Recently I conducted a lab in which the voltage of a galvanic cell between two metals was recorded. Both metals were placed in an solution of their own ions with nitrate and a salt bridge was made by dipping some paper in salt water. The only issue is the voltage recorded in the cell was lower than that calculated using standard reduction and oxidation potentials. Does anyone have any ideas as to why this might be? I known the metals were not super clean although I don't think that would have an affect on the voltage.

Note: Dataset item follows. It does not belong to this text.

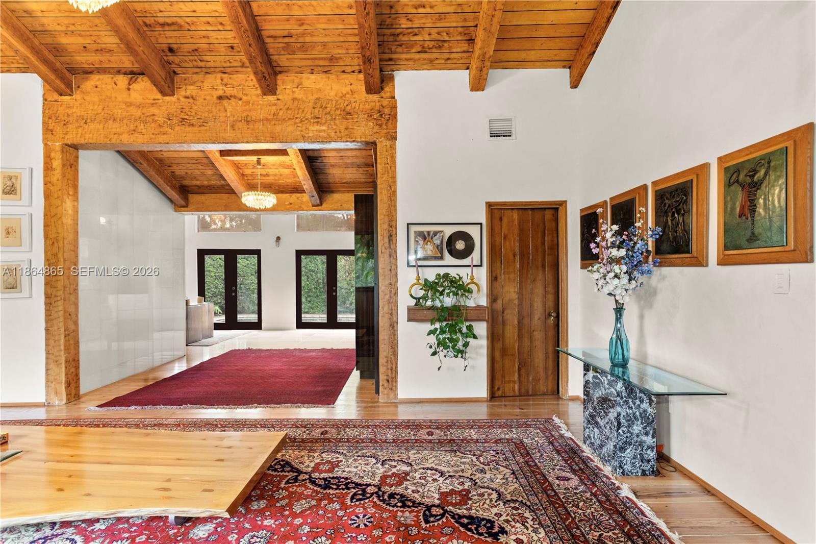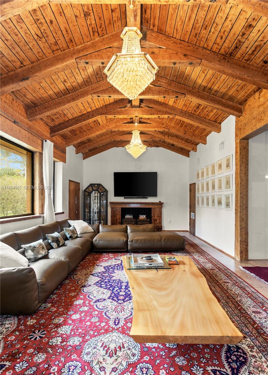Experience refined sophistication at this exclusive Pine Tree residence, featuring exposed beams and 13-foot vaulted ceilings that blend modern design with timeless charm. The expansive kitchen overlooks a pristine pool and lush garden, creating an elegant setting for both relaxation and entertaining. The home offers three bedrooms plus a maid’s quarters with a full bath, for a total of four bedrooms and four bathrooms. Situated on a large 11,616 SF lot with only two neighboring properties, the home enjoys exceptional privacy. Located directly across from a newly renovated children’s park and set on one of Miami’s most exclusive addresses, just one block from La Gorce and North Bay Road. New roof and new impact windows in the process of being installed.

Although it seems simple to make a galvanic cell ( i.e. a battery) it is really fairly complex.

  • The theoretical voltage is given by the Nernst equation.
  • The actual measured voltage also depends on the current. The equation $V=iR$ still applies. So various restance sources in the cell cause voltage drops.
    • The current must be very low so a high impedance voltmeter must be used. (Not really a problem these days with modern semiconductor
      voltmeters as opposed to galvanometers.)
    • The salt bridge offers resistance, so it has a voltage drop.
    • Impure metals for the anode or cathode can cause a voltage change.
    • Surface coating can cause a voltage drop.
    • The acid or base concentration can cause a voltage change.
    • The ionic strength of the solution can change the voltage.

There are more factors to consider when determining the true voltage of the cell such as the development of overpotentials.

'In electrochemistry, overpotential is the potential difference (voltage) between a half reactions thermodynamically determined reduction potential and the potential at which the redox event is experimentally observed.

In a galvanic cell overpotential means less energy is recovered than thermodynamics predicts. This extra/missing energy is lost as heat.

Overpotential is specific to each cell design and varies across cells and operational conditions, even for the same reaction.

Regarding the galvanic cell, two possible polarities of overpotential can occur:

  • the anode may be less negative, supplying less energy than thermodynamically possible.

  • the cathode is less positive, supplying less energy than thermodynamically possible.

The overpotential increases with growing 'current density', or rate as described by the 'Tafel equation'. Each step of the electrochemical reaction is associated with multiple forms of overpotential. The overall overpotential is the summation of many individual losses.

'Voltage efficiency' describes the fraction of energy lost through overpotential. For a galvanic cell it is the ratio of a cells experimental potential divided by the cells thermodynamic potential converted to a percentile.

Overpotentials can be grouped into three categories, activation, concentration and resistance but can be divided into many different sub categories also that are not well defined, such as 'polarization overpotential'.'


For more information on 'voltage efficency','Tafel equation','current density' I suggest to 'Google' them or to look at the page I have referenced.

Other factors such as loss of electrolyte and the temperature of the system can also cause loss of voltage.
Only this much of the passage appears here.